Enjoying: Pay attention (as always!) to the opening and closing sequences. They state one informing idea of this film, here, straight driving from start to finish as opposed to the tangle in the middle.
It helps, in seeing this film, if you have already seen Lelouch’s A Man and a Woman of 1966 to which it is a sequel. In fact, I think you can hardly understand this one if you haven’t seen that one. In the earlier film, Jean-Louis Duroc (Jean-Louis Trintignant) and Anne Gauthier (Anouk Aimée) are widower and widow respectively. They visit their children at a boarding school in the seaside resort of Deauville.
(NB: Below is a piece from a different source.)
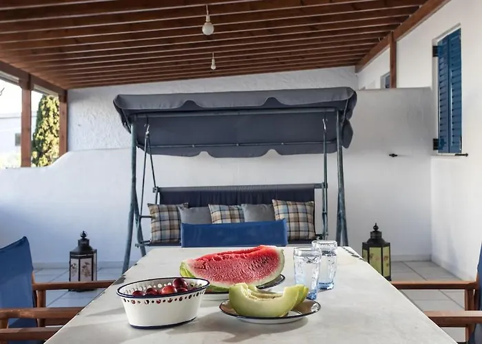 Die Villa in Moutsoúna liegt in einer Entfernung von rund 15 Fahrminuten vom Geologischen Museum von Aperathos, während Strand von Moutsouna circa 6 Gehminuten von der Unterkunft entfernt ist. Die Villa liegt 6 km vom Zevgolis-Turm.

He is a racing car driver, she a script supervisor in movies. Driving back and forth between Paris and Deauville a romance grows, but a final onscreen embrace is ambiguous.
This film has the same director, the same principal actors, but it is very different—far more complicated and hard to follow. I’m offering a fairly long synopsis in hopes of helping you.
When this film opens, it is clear that the earlier romance did not last. Jean-Louis (Trintignant again) and Anne Gauthier (Anouk Aimée again) have lived in separate worlds. Jean-Louis has changed from racing driver to organizer of races, and he lives with and admires his son Antoine (Antoine Sire) in a houseboat on the Seine. Antoine has grown up from the earlier film and he now races speedboats. In fact, he and his bride arrive on a speedboat for the reception aboard the houseboat. There, a young woman, the bride’s sister, Marie-Sophie (Marie-Sophie Pochat) picks up Jean-Louis, telling him she wants to go on one of the auto rallies he manages. They become lovers.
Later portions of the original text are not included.